We encounter fewer people in the scared Scriptures whose lives appear to be messier than John the Waymaker. Here was a man who was completely unconcerned about his appearance or diet; completely unconcerned about what people thought about him; completely unconcerned about being accepted by the religious establishment. This prophet of the Old Covenant, whom Christ Himself said no prophet was greater than, devoted his life to religion. He said, himself, “I am the ‘the voice of one crying out in the desert, “Make straight the way of the Lord,” as Isaiah the prophet said. This is why I prefer to call him John the Waymaker, rather than John the Baptist, because he did not come to baptize, but to make a way. What is this way, one might ask – or which way does this way lead to? John came baptizing repentant sinners; that is, people knew their life was messy – baptizing messy people in the Jordan provided them the way to encounter Christ Jesus who had been born of the Virgin so that He might encounter them.
Those who come to the Divine Symphony of the Holy Mass come in cacophony. They come noisy, messy, broken, and troubled, and there we encountered what? – Broken Bread. Broken, an image of a God who knows exactly who we are because He dwelt among us, and in spite of that He comes to encounter us broken as we are, so that we might become one with Him and the Father through the Holy Spirit.

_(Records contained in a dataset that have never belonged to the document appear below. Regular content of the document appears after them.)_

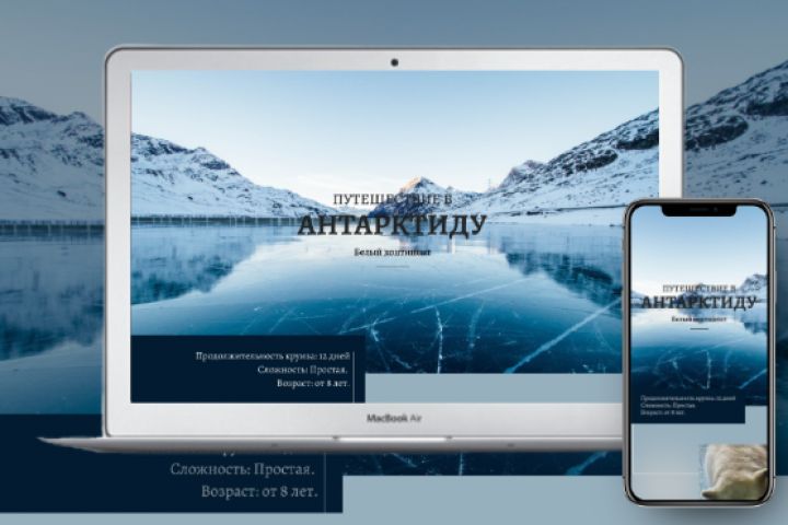 Целью проекта являлось: Разработать эффективный сайт для привлечения как можно большего количества людей на круиз в Антарктиду. А так же сделать не загруженный сайт и добавить как можно больше воздуха. Передать атмосферу волшебной Антарктиды и воодушевить людей на незабываемое путешествие.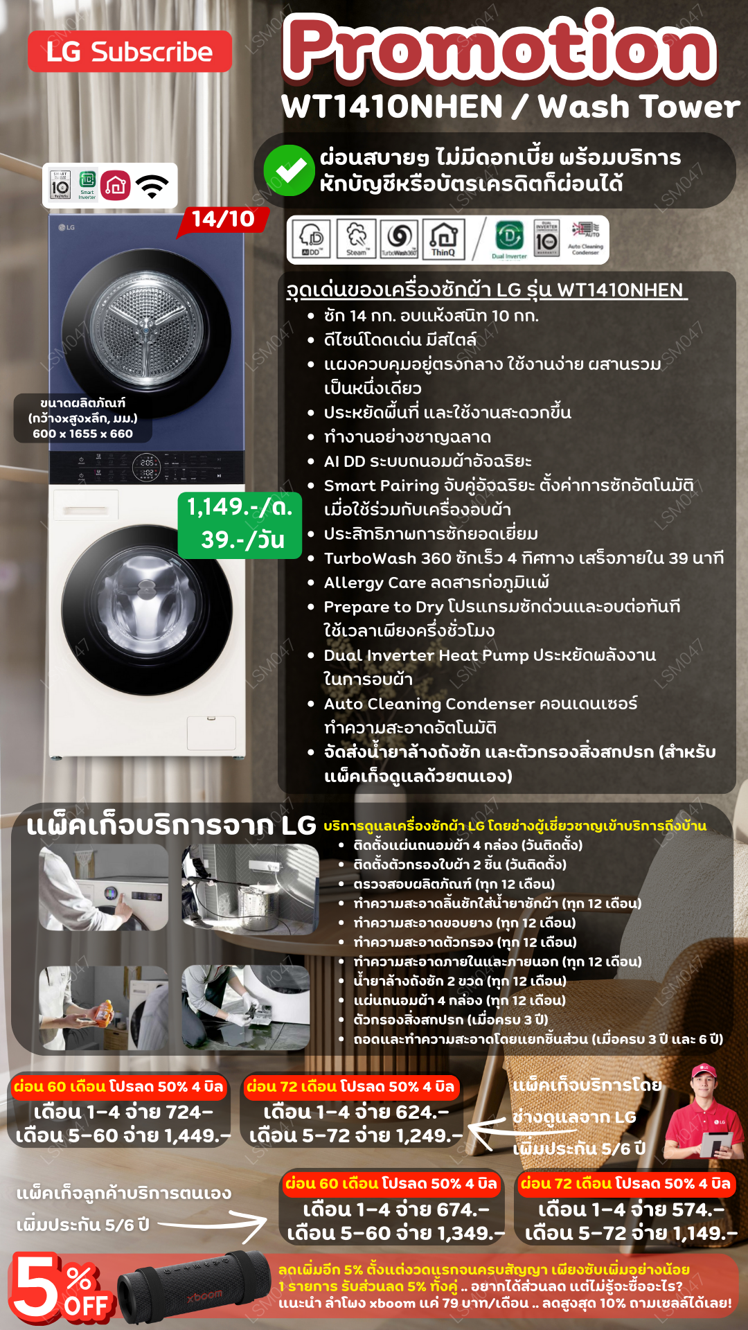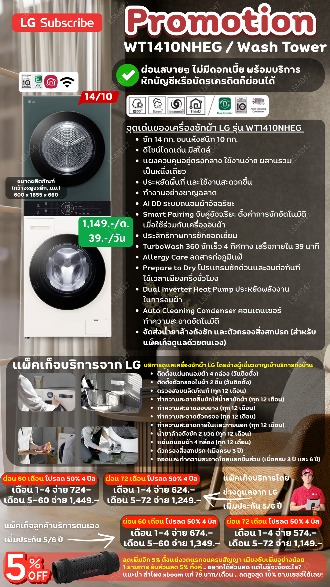 ค่างวดเริ่มต้นเพียง 4xx - 6xx บาทต่อเดือน อัตราดอกเบี้ย 0% นานสูงสุด 60 เดือน รองรับบัตรเครดิตที่วงเงินเต็มโดยไม่มีการปฏิเสธ ขยายระยะเวลาการรับประกันจาก 1 ปี เป็น 5-7 ปี บริการซ่อมแซมเครื่องโดยไม่มีค่าใช้จ่าย ฟรีค่าแรงและอะไหล่แท้ 100% ไม่มีค่าใช้จ่ายเพิ่มเติมในอนาคต เดือนแรกสามารถใช้งานได้โดยไม่มีค่าใช้จ่าย บริการติดตั้งฟรีโดยช่างจาก LG สิทธิพิเศษเพิ่มเติมอีกเพียบ ดูเพิ่มเติมการผ่อนรายเดือน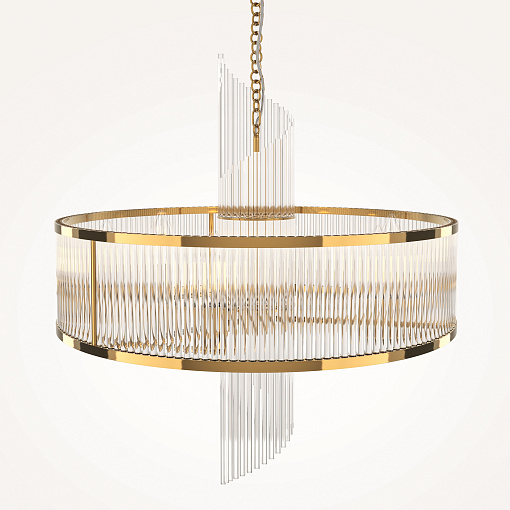 Материал арматуры - металл, цвет - золото. Декоративный элемент из прозрачного стекла в форме рельефных трубок. Цоколь Е14. Лампы в комплект не входят.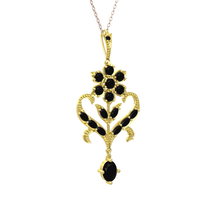 Siyah zirkon 8 ayar altın kolye (40 cm rose altın rolo zincir)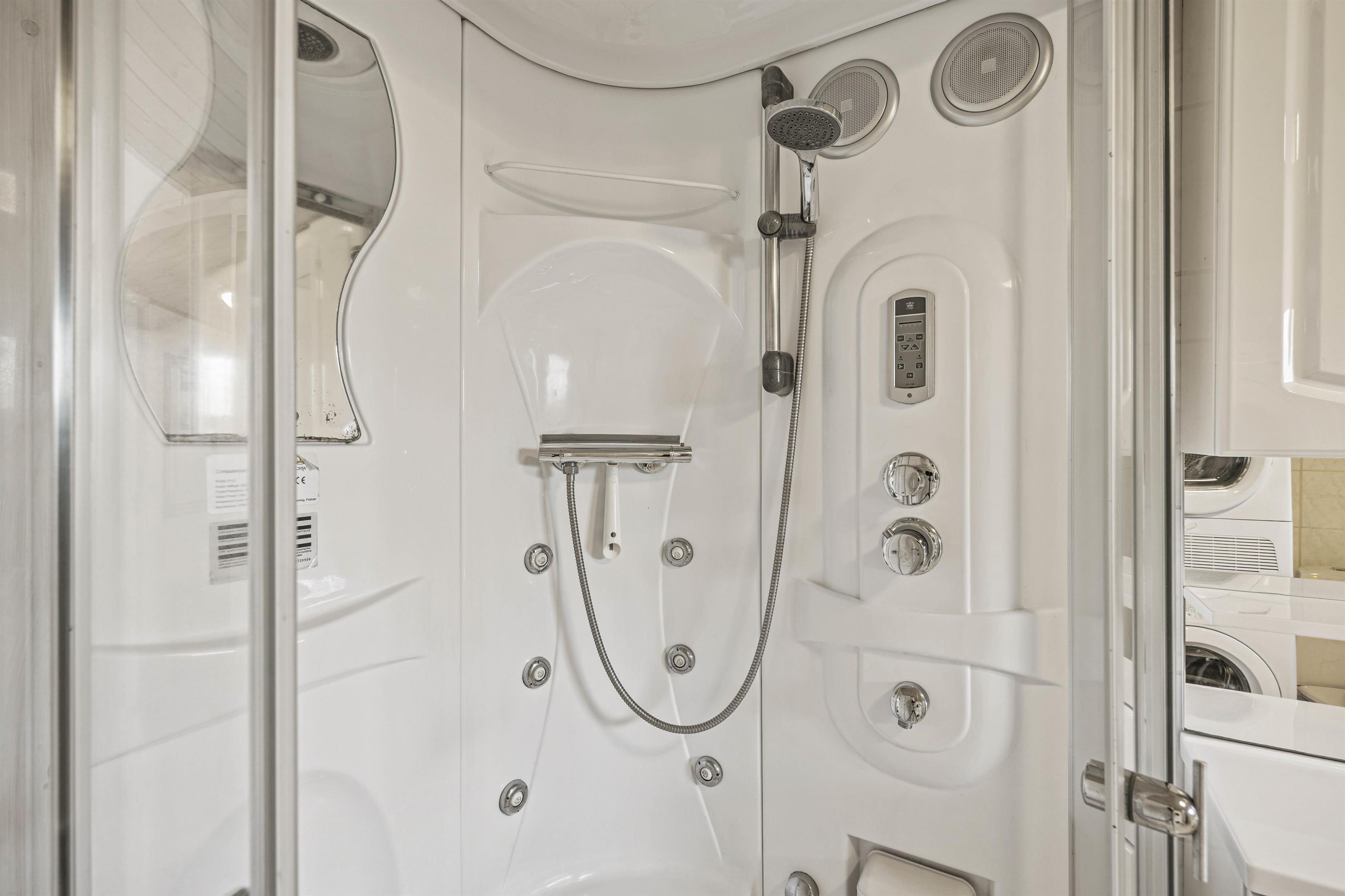 På badeværelset er der både vaskemaskine, tørretumbler, boblebad, sauna og en bruser.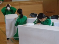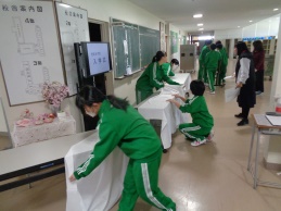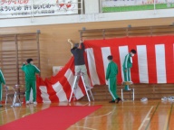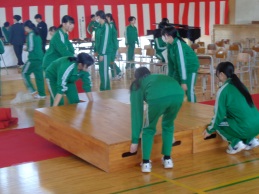 午前の最後は入学式準備です。3年生は体育館で式場づくり、2年生は来賓控室や受付設営、廊下や階段の清掃とテキパキと進めています。心を込めて入学式準備に取り組んでいます。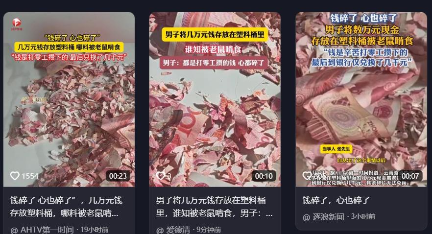 云南昭通,男子打零工攒下的几万块钱放塑料桶。不料,被老鼠啃咬,最后只换了几千元。 昭通大山的深夜,原本该是静谧的,但对于这位刚从银行归来的男子来说,每一秒呼吸都沉重得像是在吞咽砂砾。他守着空落落的屋子,只要一闭眼,满脑子都是那只被咬穿的塑料桶。 他攒下那几万块钱,并不是一笔横财,而是无数个在工地、在田间出卖体力的日子。一滴一滴汗水攒成了几万块现金,他觉得藏在塑料桶里,密封好、放深处,就离自己的生活近一点。这种原始的安全感,大山里的人都懂。 但他低估了自然界的生存法则。在老鼠眼里,那个蓝色的塑料桶壁脆弱得如同纸糊。老鼠潜入其中,不是为了挥霍,而是寻找一种纤维柔软、厚薄适中的“装修材料”去筑巢。 当他时隔许久再次打开桶盖,迎接他的不是厚实的归属感,而是满目的斑驳。曾经代表着生活底气的红纸,变成了毫无意义的纸屑、纤维与碎末。 那一瞬间的崩塌,他用“想死的心都有了”来形容。这并不是夸张,对于常年打零工的人来说,几万块钱和几千块钱的落差,中间隔着的是数年无法回头的青春和尚未实现的计划。 银行柜台成了他最后的救命稻草。然而,金融机构的运作逻辑,从不建立在对他辛劳的同情之上,而是建立在冰冷的物理面积计算中。 柜员摊开那些残破的碎片,手中的尺子比老鼠的牙齿更冷峻。按照规定,纸币剩下四分之三才能全额兑回,剩下一半到四分之三之间只能换一半,若连一半都不到,那便彻底成了废纸。 几万块沉甸甸的期待,经过专业评估和分类,最终在电子屏幕上跳出一个令人心寒的数字:几千元。那一刻,劳动价值在法理逻辑面前遭遇了惨烈的降维打击。 这件事在网上炸开了锅,评论区里各种“避险指南”层出不穷。有人复刻老辈人的经验,建议用铁月饼盒,说老鼠咬不动。有人推荐玻璃杯,甚至还有人开玩笑说该埋进土里。 但这其实是一个认知的陷阱。大家讨论的是“材质的强度”,而真正的问题在于“储存逻辑的落后”。塑料、铁盒甚至玻璃,都无法对抗自然的侵蚀和时间的意外。 老鼠的牙齿只是偶然的导火索。如果不是老鼠,也可能是连月的梅雨让纸币霉变,或者是灶火的一星火花,这些风险时刻都在窥视着那些藏在暗处的秘密。 人们总觉得现金握在手里才踏实,却忽略了这种“实感”实际上是最脆弱的。在现代金融体系面前,真正坚硬的护盾从来不是物理上的桶或墙,而是虚无却坚韧的数字信用。 哪怕是一张存折,甚至是一个记不住密码的网银账户,其背后支撑的是国家信用和存款保险。这些无形的保障,能在火烧鼠咬之后,让每一分辛苦钱都有据可查。 这场关于财富消失的悲剧,撕开了农村传统金融观念的一角。那被老鼠撕碎的,不仅是昭通大哥积攒的钞票,更是那种“把钱存家里才放心”的老派生存幻觉。 现在已经是2026年了,我们的生活被各种高精尖的支付手段填满,但在这偏远的山间,财富的安全感依然在和最原始的生物——老鼠搏斗,这本身就是一种残酷的错位。 那一桌子拼凑不起来的纸币碎末,在无声地警示着每一个人:赚钱是本事,但如果不学会如何与现代金融接轨,辛苦守护的家当,随时可能毁在一只老鼠的牙下。 看着几万块缩水成几千块,这种痛感不是因为丢了钱,而是因为那种对自己命运掌控感的彻底丧失。这种损失,往往比贫穷本身更让人深夜难眠。 别让你的血汗钱在塑料桶里慢慢变腐。给它们找个银行,找个不仅有墙、还有规则和信用的“家”,这才是对那无数个辛劳日夜最起码的尊重。

The Holy Mass is the method of religion that the Catholic Church provides us with. This is the way of ongoing transformation through ongoing encounter with the Holy Eucharist that Christ Jesus sacrificed His life so that we might have. The sacraments are not for the righteous, but for the messy. Remember this way of this religion of encounter and transformation as you begin on your way up the communion line today.
This is just one way how the readings at Mass this Sunday connect to the liturgy and how the liturgy is forming us how to live our lives in the world. Be in the world what you have received through the liturgy.